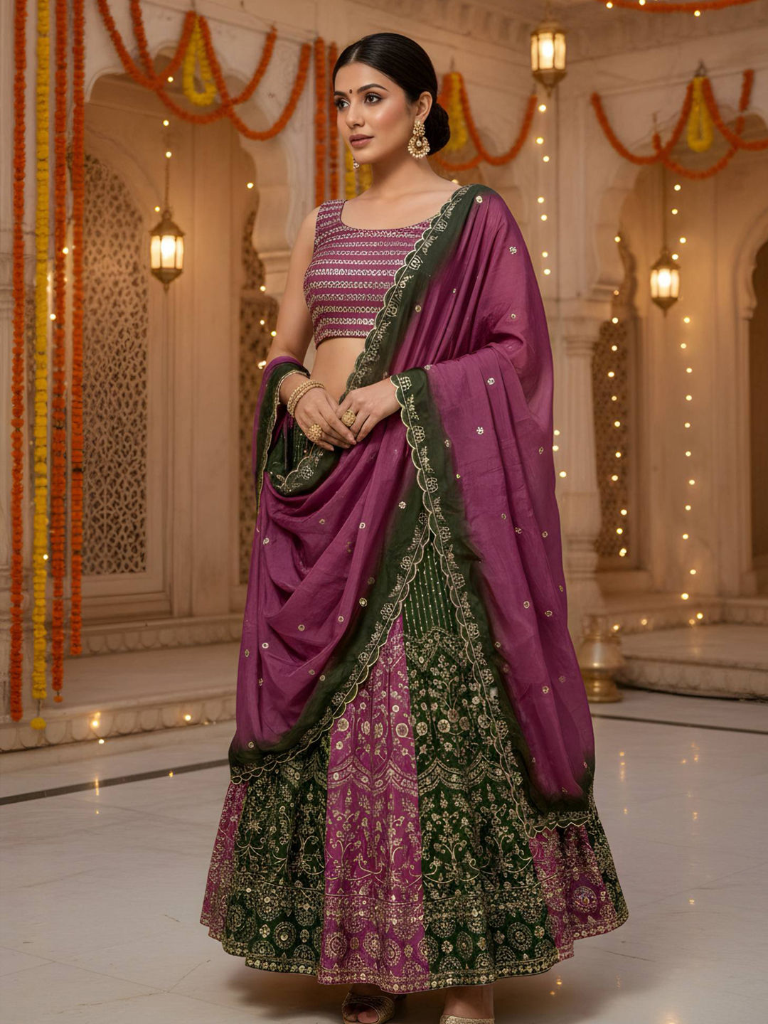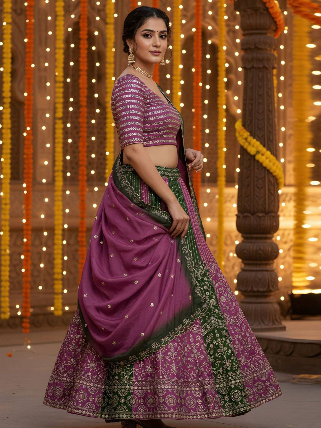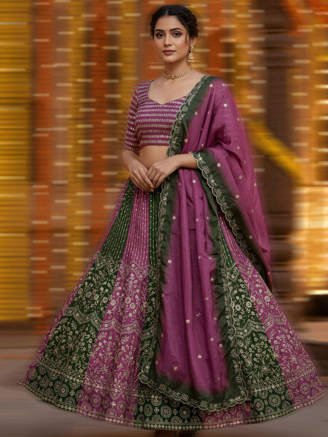 Chinon Silk Wedding Lehenga in Pink and Majenta with Sequence work
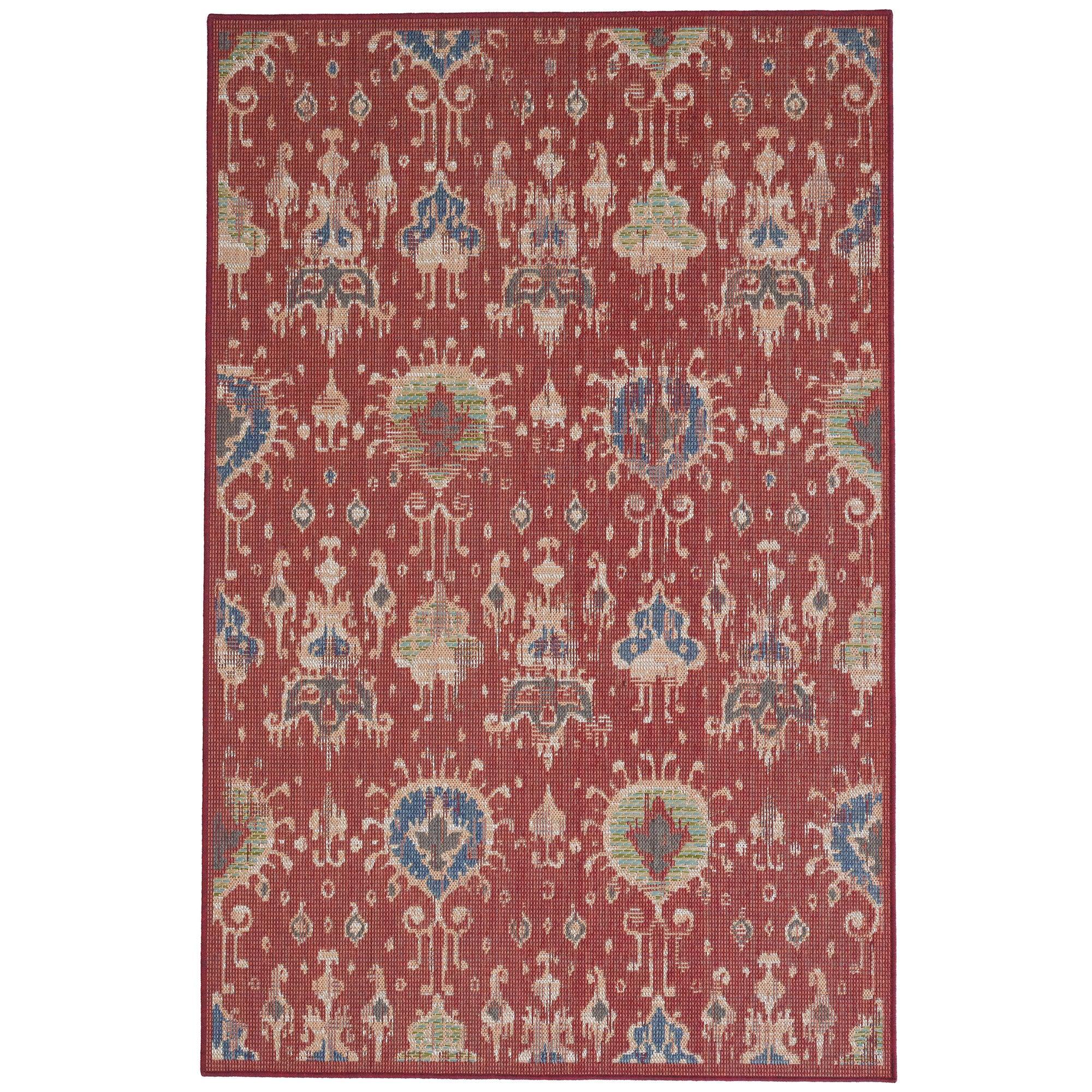 captivating Captiva Ikat Red indoor/outdoor collection, where vibrant colors and intricate designs come together to elevate your space. Whether you prefer traditional, transitional, or modern styles for your relaxation spot, Captiva has something for you. Crafted using 100% Olefin yarns on Wilton power looms, these rugs are built to withstand all weather conditions, making them perfect for both indoor and outdoor use. Enhance the aesthetics of your interior or exterior spaces with the durable and stylish Captiva collection. Choose Captiva Ikat Red to add a pop of color and sophistication to your home.
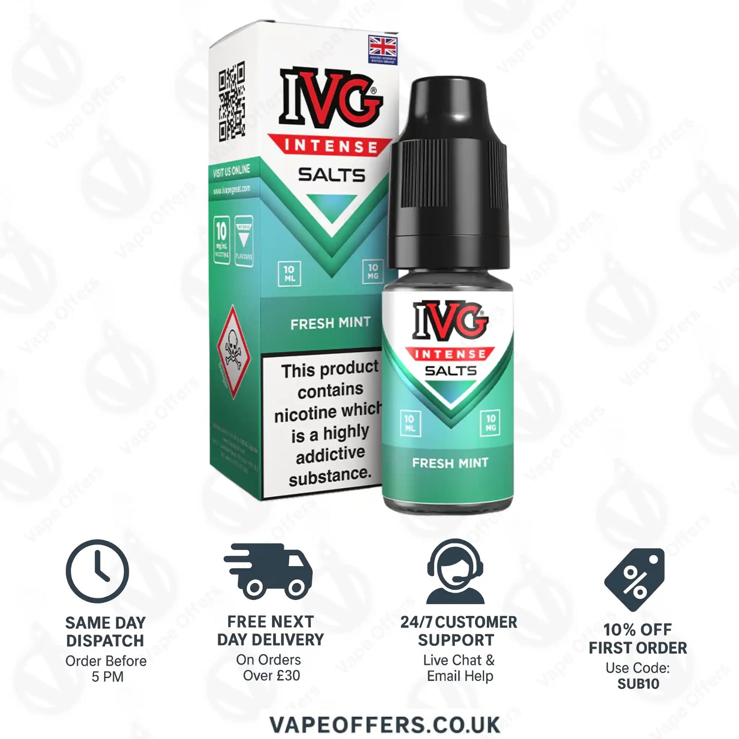 IVG Intense Salts Fresh Mint gives you a cool and refreshing mint taste, with a smooth and crisp puff every time.
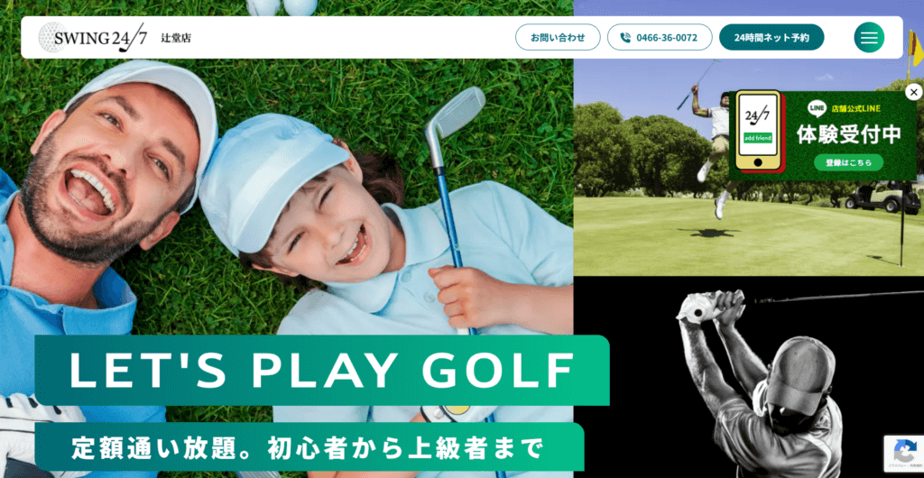 特徴藤沢市のインドアゴルフ練習場SWING24/7辻堂店はゴルフを、もっと自由に、愉しく!日本初のオールサービスインクルード型24時間365日営業の室内ゴルフ練習場です。最新のシミュレーションゴルフ機材を導入し、コース練習はもちろん、打ちっぱなし練習も毎月定額で通い放題となります。会員制のインドアゴルフ練習場 ・全打席、最新のゴルフシミュレーターを設置 ・打席予約はスマホからなので予約が取りやすい! 打ちっぱなし練習からコースを想定した練習まで初心者の方から上級者まで幅広くご利用いただけます。24時間営業なのでライフスタイルに合わせて練習可能 ・月会費の支払いのみで毎日1時間まで毎日練習し放題 ・無料レンタルクラブ&シューズ完備。手ぶらでOK ・セキュリティー(会員のみ入室可能、防犯カメラと非常通報装置)完備で女性も安心してご利用いただけます♪
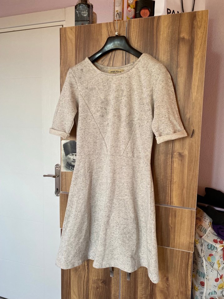 Bej gri tonlarında, kısa kollu ve yuvarlak yakalı, rahat kesimli örme keten midi elbise. Günlük kullanıma uygundur. Lekeleri olduğu için ucuza koydum
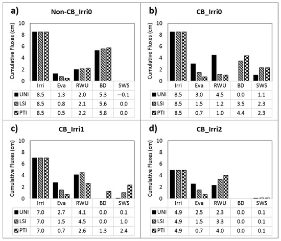 Figure 8 shows cumulative water fluxes for different irrigation scenarios simulated by the HYDRUS (2D/3D) model in a 3D domain. Simulated water balance components were found to vary depending on irrigation types (whether uniform, line-source, or plant-targeted), especially in the soil profiles with a CB. For Non-CB with Irri0 (Figure 8a), the three different irrigation types, UNI, LSI, and PTI, did not influence much simulated cumulative fluxes and produced almost no change in soil water storage (SWS). While cumulative evaporation was reduced from 1.3 cm for UNI to 0.8 cm for LSI, in which irrigation water was applied on a smaller part of the surface, both cumulative root water uptake (RWU) and cumulative bottom drainage (BD) slightly increased. When the same amount of water was directly applied around the plant in PTI, cumulative evaporation was further reduced to 0.5 cm with slight increases in RWU and BD.

━━━━

• _ASSIGNMENT_
Leave the pictures out and set down the rest of the listing above exactly.

• _TASK ANSWER_
 Chinon Silk Wedding Lehenga in Pink and Majenta with Sequence work
 captivating Captiva Ikat Red indoor/outdoor collection, where vibrant colors and intricate designs come together to elevate your space. Whether you prefer traditional, transitional, or modern styles for your relaxation spot, Captiva has something for you. Crafted using 100% Olefin yarns on Wilton power looms, these rugs are built to withstand all weather conditions, making them perfect for both indoor and outdoor use. Enhance the aesthetics of your interior or exterior spaces with the durable and stylish Captiva collection. Choose Captiva Ikat Red to add a pop of color and sophistication to your home.
 IVG Intense Salts Fresh Mint gives you a cool and refreshing mint taste, with a smooth and crisp puff every time.
 特徴藤沢市のインドアゴルフ練習場SWING24/7辻堂店はゴルフを、もっと自由に、愉しく!日本初のオールサービスインクルード型24時間365日営業の室内ゴルフ練習場です。最新のシミュレーションゴルフ機材を導入し、コース練習はもちろん、打ちっぱなし練習も毎月定額で通い放題となります。会員制のインドアゴルフ練習場 ・全打席、最新のゴルフシミュレーターを設置 ・打席予約はスマホからなので予約が取りやすい! 打ちっぱなし練習からコースを想定した練習まで初心者の方から上級者まで幅広くご利用いただけます。24時間営業なのでライフスタイルに合わせて練習可能 ・月会費の支払いのみで毎日1時間まで毎日練習し放題 ・無料レンタルクラブ&シューズ完備。手ぶらでOK ・セキュリティー(会員のみ入室可能、防犯カメラと非常通報装置)完備で女性も安心してご利用いただけます♪
 Bej gri tonlarında, kısa kollu ve yuvarlak yakalı, rahat kesimli örme keten midi elbise. Günlük kullanıma uygundur. Lekeleri olduğu için ucuza koydum
 Figure 8 shows cumulative water fluxes for different irrigation scenarios simulated by the HYDRUS (2D/3D) model in a 3D domain. Simulated water balance components were found to vary depending on irrigation types (whether uniform, line-source, or plant-targeted), especially in the soil profiles with a CB. For Non-CB with Irri0 (Figure 8a), the three different irrigation types, UNI, LSI, and PTI, did not influence much simulated cumulative fluxes and produced almost no change in soil water storage (SWS). While cumulative evaporation was reduced from 1.3 cm for UNI to 0.8 cm for LSI, in which irrigation water was applied on a smaller part of the surface, both cumulative root water uptake (RWU) and cumulative bottom drainage (BD) slightly increased. When the same amount of water was directly applied around the plant in PTI, cumulative evaporation was further reduced to 0.5 cm with slight increases in RWU and BD.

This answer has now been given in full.